Available records:
========================

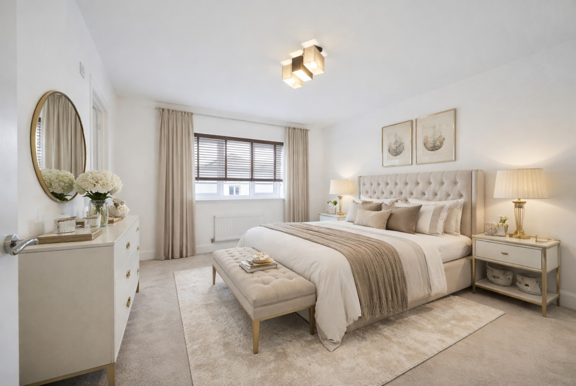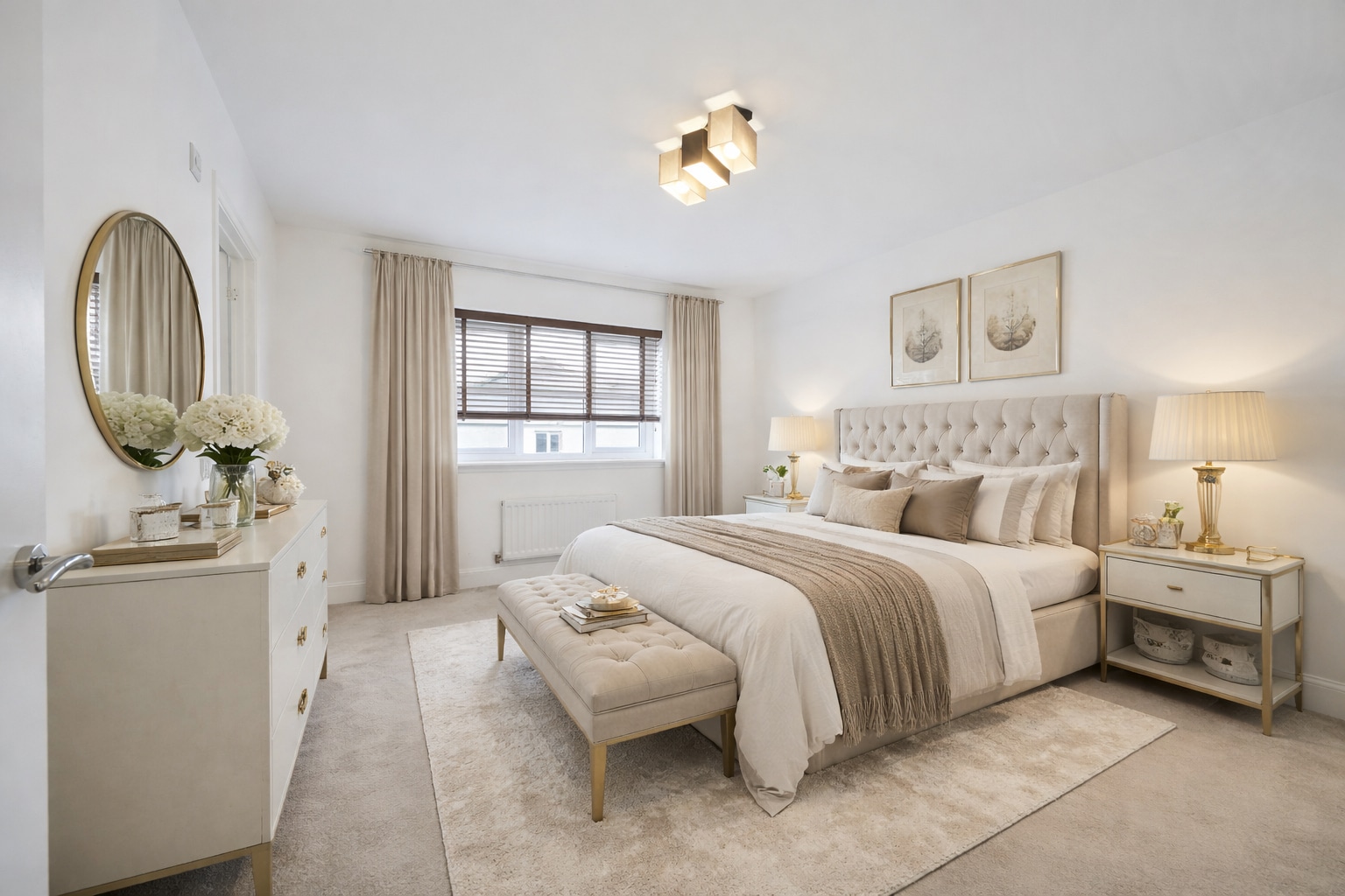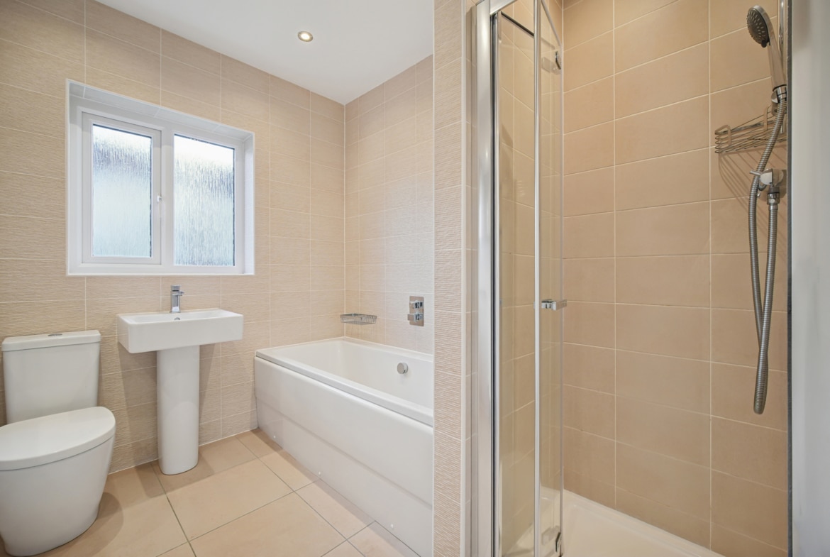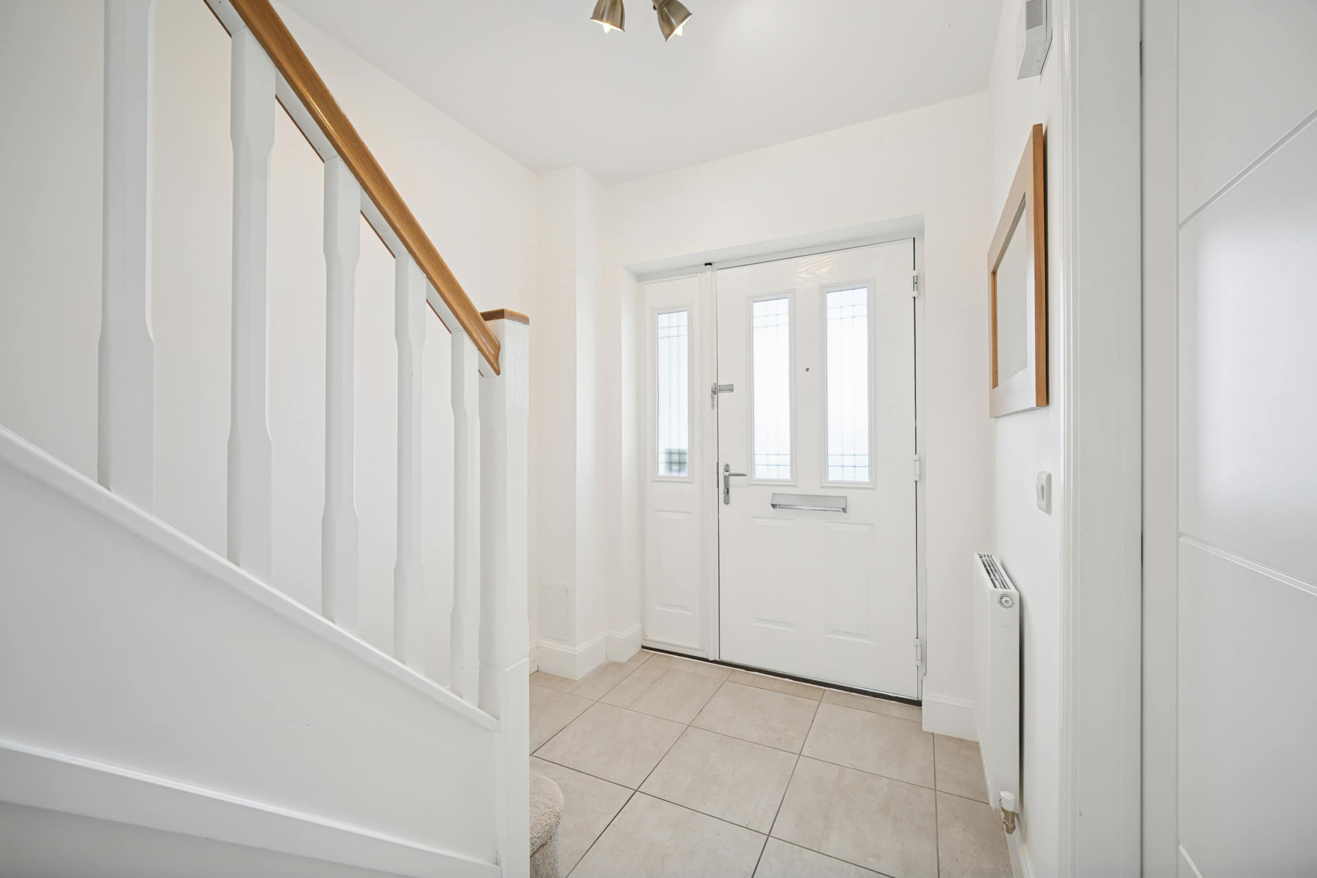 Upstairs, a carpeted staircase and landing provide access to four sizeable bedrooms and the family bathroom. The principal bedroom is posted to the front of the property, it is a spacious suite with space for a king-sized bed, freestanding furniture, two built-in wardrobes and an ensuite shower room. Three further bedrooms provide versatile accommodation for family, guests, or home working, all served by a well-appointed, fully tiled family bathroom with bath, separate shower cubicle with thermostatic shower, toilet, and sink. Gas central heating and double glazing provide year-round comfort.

========================

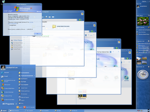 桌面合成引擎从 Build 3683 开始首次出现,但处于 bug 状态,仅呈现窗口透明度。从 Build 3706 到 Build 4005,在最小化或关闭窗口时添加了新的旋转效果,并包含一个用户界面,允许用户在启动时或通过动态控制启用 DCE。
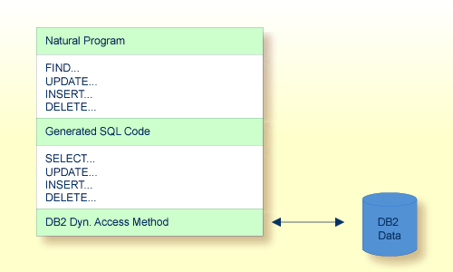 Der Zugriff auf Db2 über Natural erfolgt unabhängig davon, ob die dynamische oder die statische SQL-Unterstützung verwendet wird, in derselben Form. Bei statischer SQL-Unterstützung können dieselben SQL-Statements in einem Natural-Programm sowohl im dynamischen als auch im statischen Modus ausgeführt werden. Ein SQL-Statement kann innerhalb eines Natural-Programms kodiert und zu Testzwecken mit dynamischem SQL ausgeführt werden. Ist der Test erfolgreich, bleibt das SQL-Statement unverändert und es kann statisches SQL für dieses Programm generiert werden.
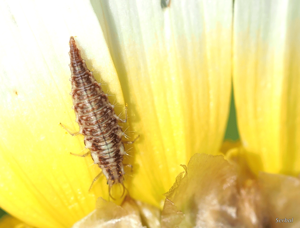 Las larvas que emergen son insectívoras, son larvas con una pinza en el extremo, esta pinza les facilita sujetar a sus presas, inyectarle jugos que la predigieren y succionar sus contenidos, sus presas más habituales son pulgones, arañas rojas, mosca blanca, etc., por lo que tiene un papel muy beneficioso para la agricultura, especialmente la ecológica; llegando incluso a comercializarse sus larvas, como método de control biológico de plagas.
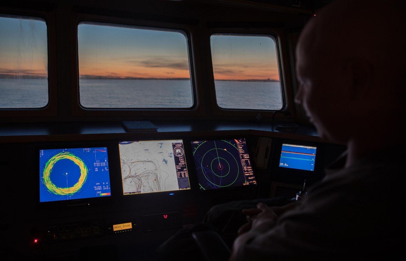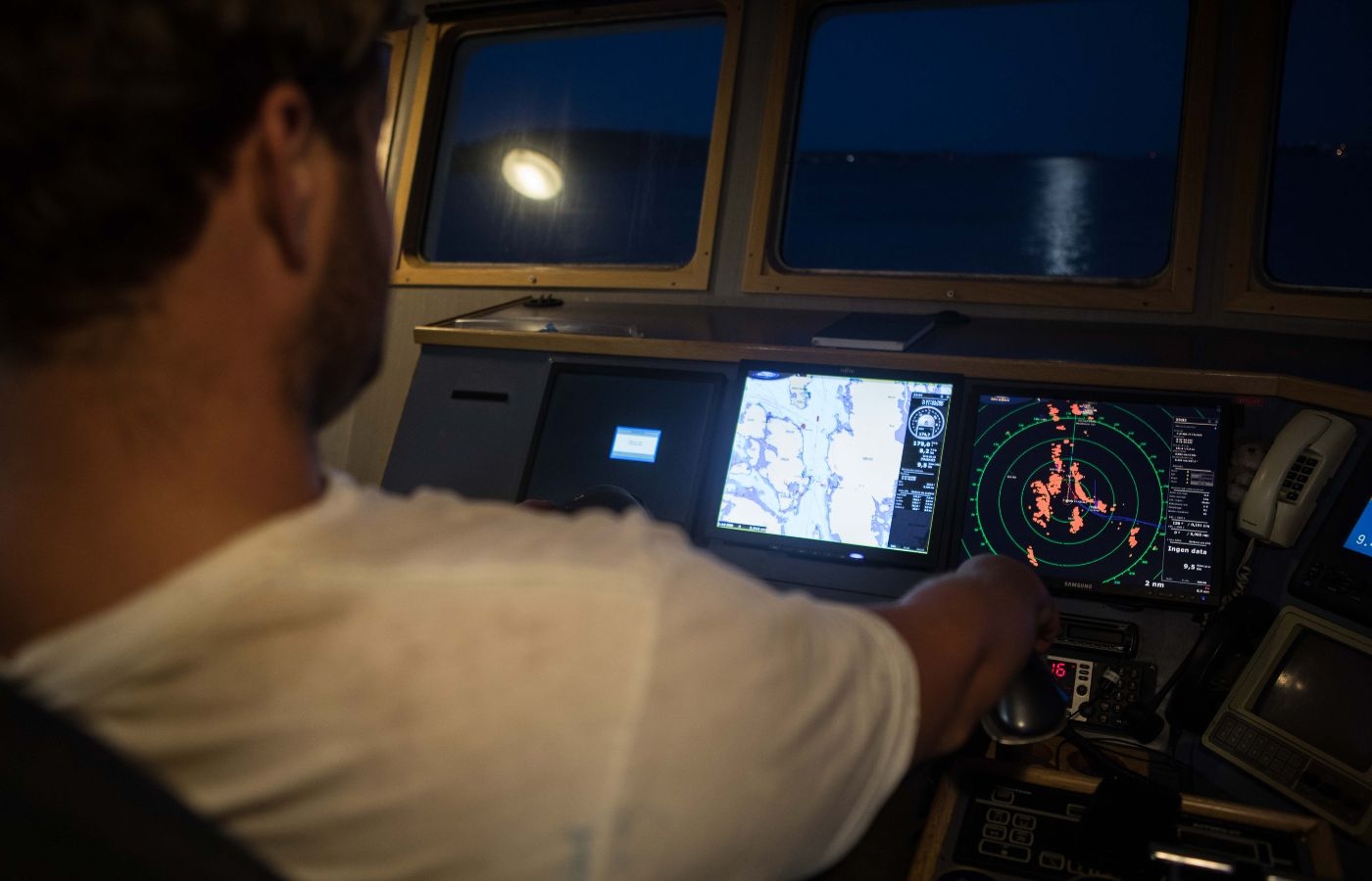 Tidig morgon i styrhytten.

========================

What you are asked to do: Set the pictures aside and transcribe exactly the stretch of lines above, beginning with the one holding "Las larvas que" and ending with the one holding "Tidig morgon i styrhytten.".

Task output:
 Las larvas que emergen son insectívoras, son larvas con una pinza en el extremo, esta pinza les facilita sujetar a sus presas, inyectarle jugos que la predigieren y succionar sus contenidos, sus presas más habituales son pulgones, arañas rojas, mosca blanca, etc., por lo que tiene un papel muy beneficioso para la agricultura, especialmente la ecológica; llegando incluso a comercializarse sus larvas, como método de control biológico de plagas.
 Tidig morgon i styrhytten.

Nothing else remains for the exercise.